There are lots of products of nano chemistry... Like nano coatings.....carbon fiber.. And lots of others..
learn
Even nanotechnology is pretty much all about chemistry... Its the chemistry on quantum or atomic level
learn
da
no nanotechnology is also a part of physics and maths it requires angle formulas and some pressure regarding concepts
Bhagvanji
hey
Giriraj
Preparation and Applications of Nanomaterial for Drug Delivery
revolt
da
Application of nanotechnology in medicine
has a lot of application modern world
Kamaluddeen
yes
narayan
what is variations in raman spectra for nanomaterials
ya I also want to know the raman spectra
Bhagvanji
I only see partial conversation and what's the question here!

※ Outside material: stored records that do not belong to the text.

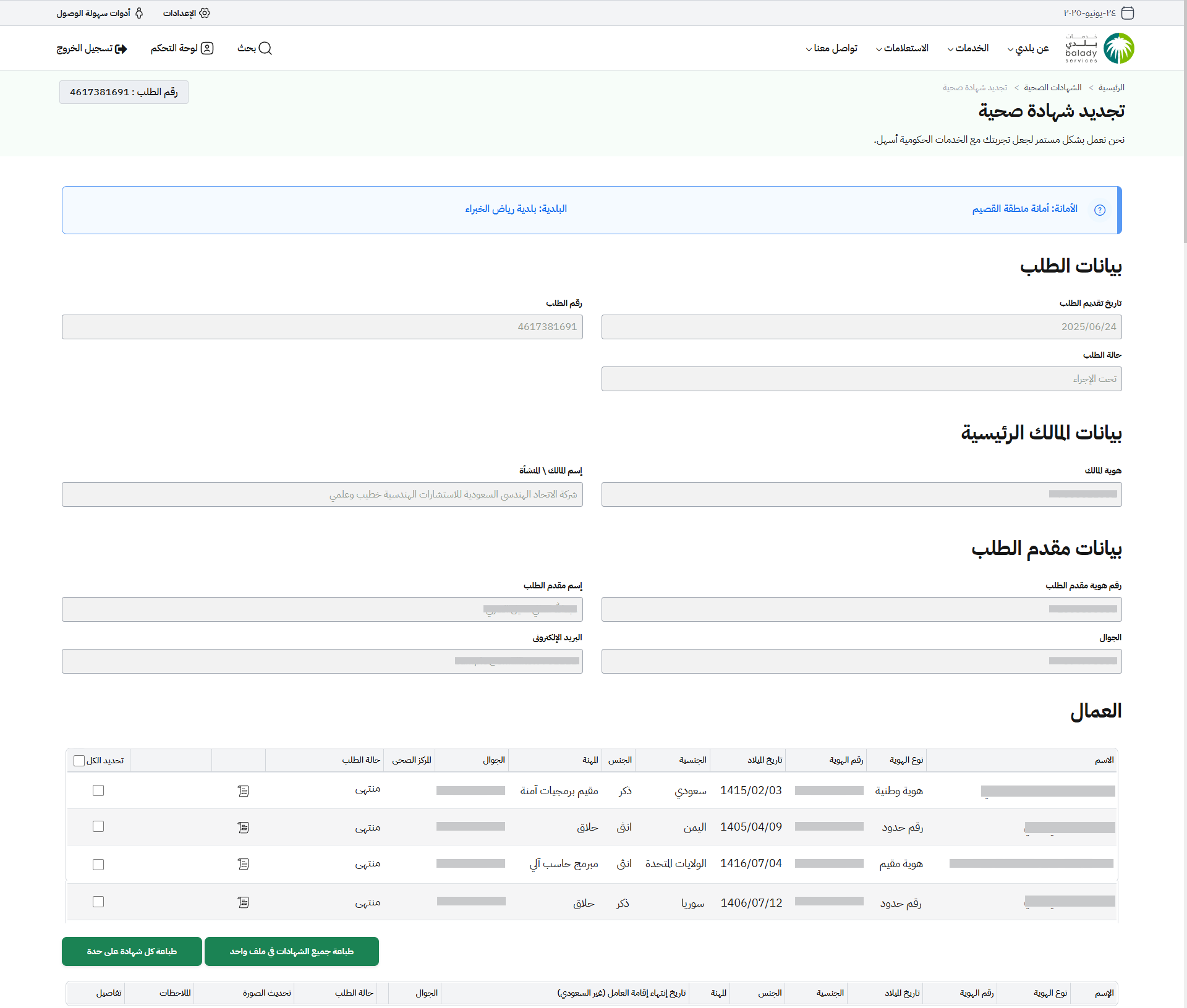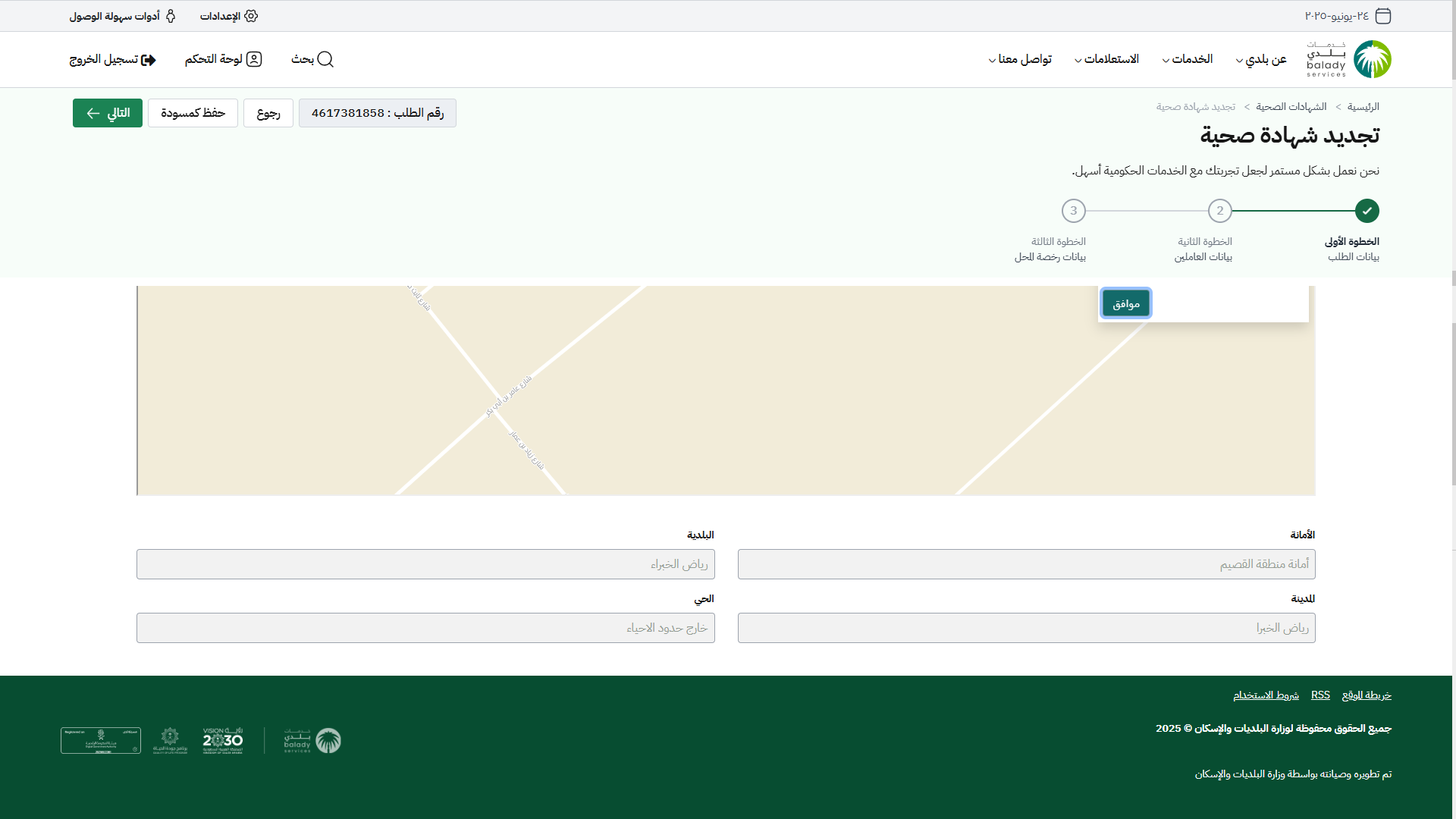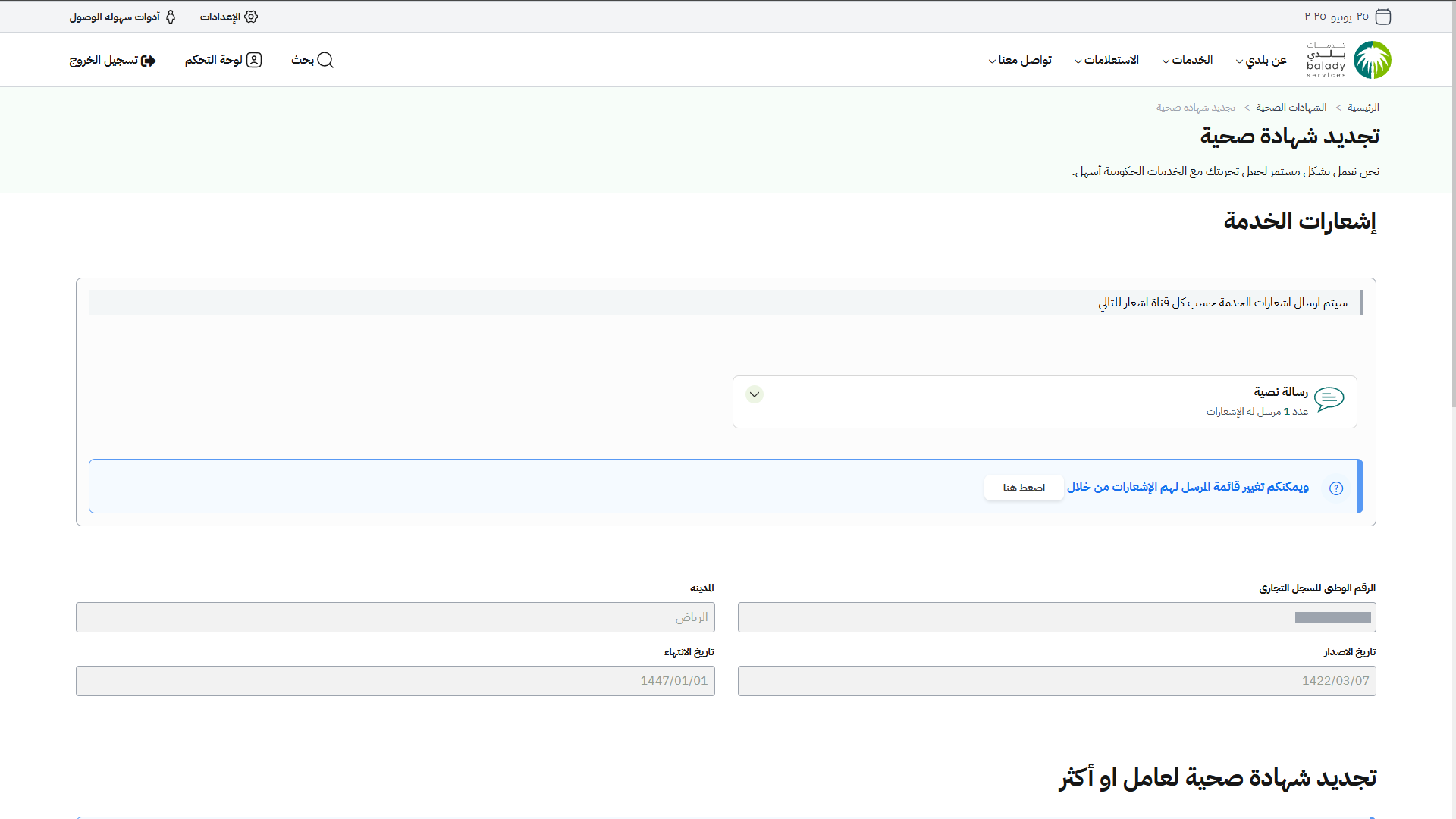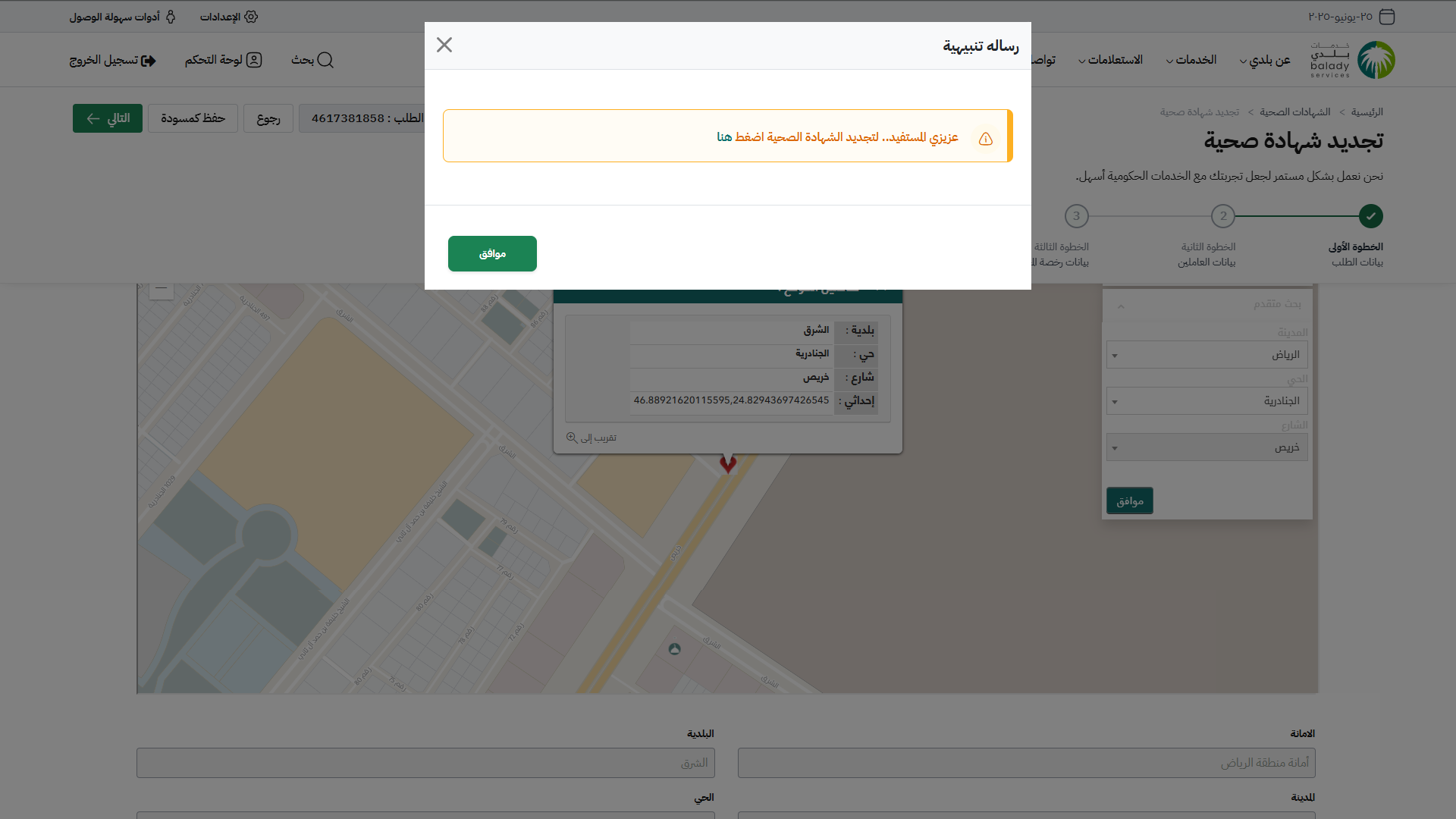 21) في حال اختيار أمانة (الرياض) تظهر رسالة تنبيه ليتم تجديد الشهادة الصحية من خلال الضغط على الرابط (هنا).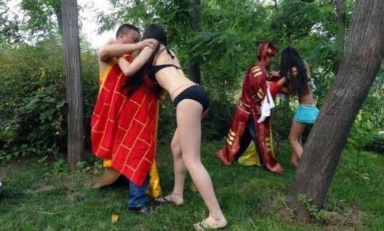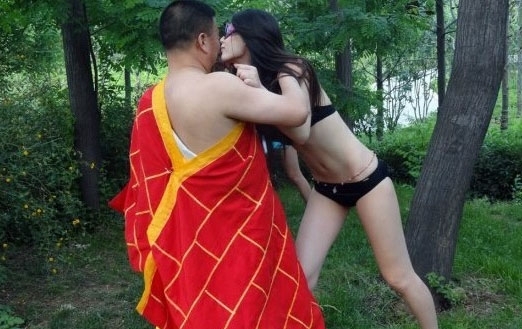 热吻裸体雕塑现西安公园 妈妈拉孩子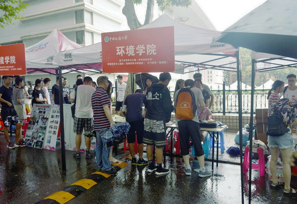 雨中进行的迎新工作
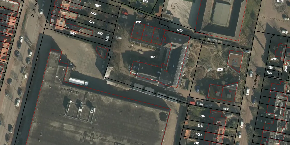 Veldstraat 4-B is gelegen op kadastraal perceel HTT02L5988. Deze kadastrale aanduiding is uniek en wordt gebruikt door het Kadaster om eigendomsrechten en andere zakelijke rechten vast te leggen. Het perceel maakt onderdeel uit van de kadastrale gemeente Hatert.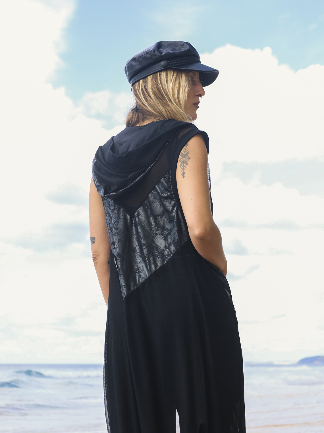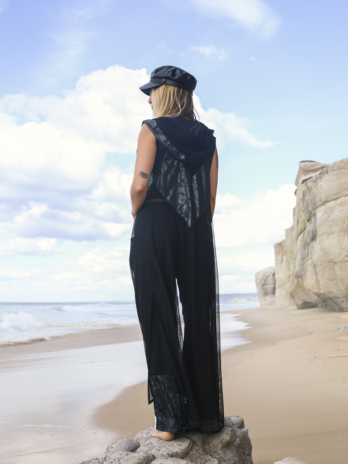 Crafted from a lightweight, sheer fabric, LUNA drapes over the body without weight, allowing your silhouette and personal styling to stand out. The long length, side openings, and structured hood add a futuristic, edgy aura—perfect for night looks, festivals, editorials, or impactful urban styling.

what about nanotechnology for water purification
please someone correct me if I'm wrong but I think one can use nanoparticles, specially silver nanoparticles for water treatment.
Damian
yes that's correct
Professor
I think
Professor
Nasa has use it in the 60's, copper as water purification in the moon travel.
Alexandre
nanocopper obvius
Alexandre
what is the stm
is there industrial application of fullrenes. What is the method to prepare fullrene on large scale.?
Rafiq
industrial application...? mmm I think on the medical side as drug carrier, but you should go deeper on your research, I may be wrong
Damian
How we are making nano material?
what is a peer
What is meant by 'nano scale'?
What is STMs full form?
LITNING
scanning tunneling microscope
Sahil
how nano science is used for hydrophobicity
Santosh
Do u think that Graphene and Fullrene fiber can be used to make Air Plane body structure the lightest and strongest. Rafiq
Rafiq
what is differents between GO and RGO?
Mahi
what is simplest way to understand the applications of nano robots used to detect the cancer affected cell of human body.? How this robot is carried to required site of body cell.? what will be the carrier material and how can be detected that correct delivery of drug is done Rafiq
Rafiq
if virus is killing to make ARTIFICIAL DNA OF GRAPHENE FOR KILLED THE VIRUS .THIS IS OUR ASSUMPTION
Anam
analytical skills graphene is prepared to kill any type viruses .
Anam
Any one who tell me about Preparation and application of Nanomaterial for drug Delivery
Hafiz
what is Nano technology ?
write examples of Nano molecule?
Bob
The nanotechnology is as new science, to scale nanometric
brayan
nanotechnology is the study, desing, synthesis, manipulation and application of materials and functional systems through control of matter at nanoscale
Damian
can you provide the details of the parametric equations for the lines that defince doubly-ruled surfeces (huperbolids of one sheet and hyperbolic paraboloid). Can you explain each of the variables in the equations?